## Data segment
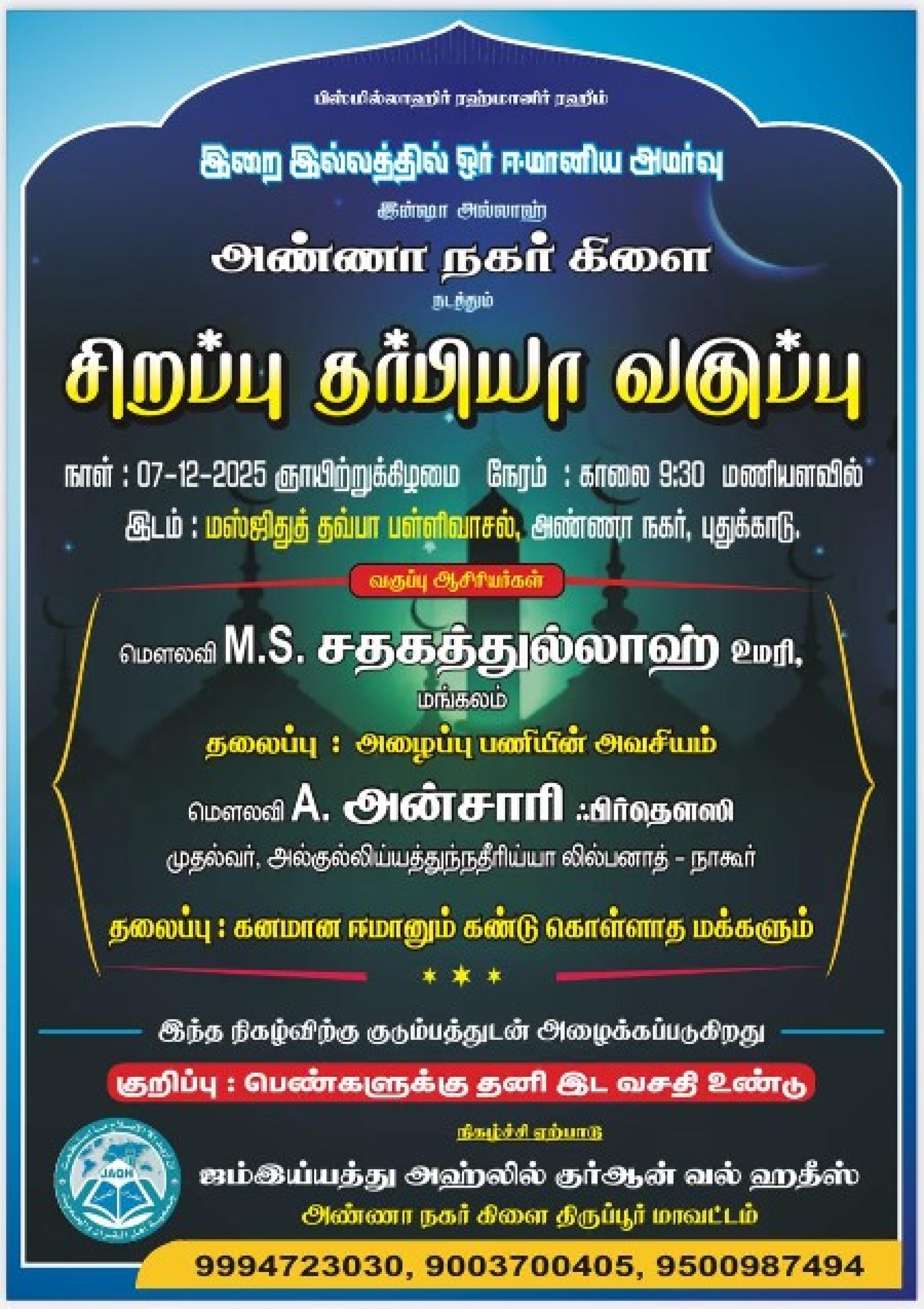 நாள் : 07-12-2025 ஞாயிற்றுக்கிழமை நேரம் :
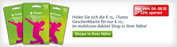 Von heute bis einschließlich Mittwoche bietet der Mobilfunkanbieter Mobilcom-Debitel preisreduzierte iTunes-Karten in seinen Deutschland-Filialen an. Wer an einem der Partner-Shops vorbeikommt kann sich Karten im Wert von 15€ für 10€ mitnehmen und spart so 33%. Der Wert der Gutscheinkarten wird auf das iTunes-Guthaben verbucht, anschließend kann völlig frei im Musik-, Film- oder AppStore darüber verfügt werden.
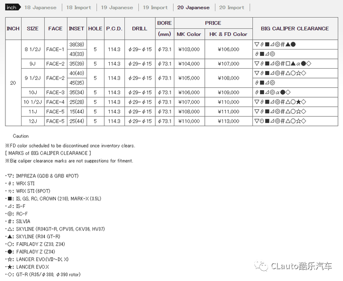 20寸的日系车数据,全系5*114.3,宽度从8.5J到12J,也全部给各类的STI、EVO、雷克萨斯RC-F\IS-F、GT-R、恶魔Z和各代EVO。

## Work required
Exactly the lines from the one with "Von heute bis" through the end of the listing above are to be repeated, with no pictures.

## Result for this exercise
 Von heute bis einschließlich Mittwoche bietet der Mobilfunkanbieter Mobilcom-Debitel preisreduzierte iTunes-Karten in seinen Deutschland-Filialen an. Wer an einem der Partner-Shops vorbeikommt kann sich Karten im Wert von 15€ für 10€ mitnehmen und spart so 33%. Der Wert der Gutscheinkarten wird auf das iTunes-Guthaben verbucht, anschließend kann völlig frei im Musik-, Film- oder AppStore darüber verfügt werden.
 20寸的日系车数据,全系5*114.3,宽度从8.5J到12J,也全部给各类的STI、EVO、雷克萨斯RC-F\IS-F、GT-R、恶魔Z和各代EVO。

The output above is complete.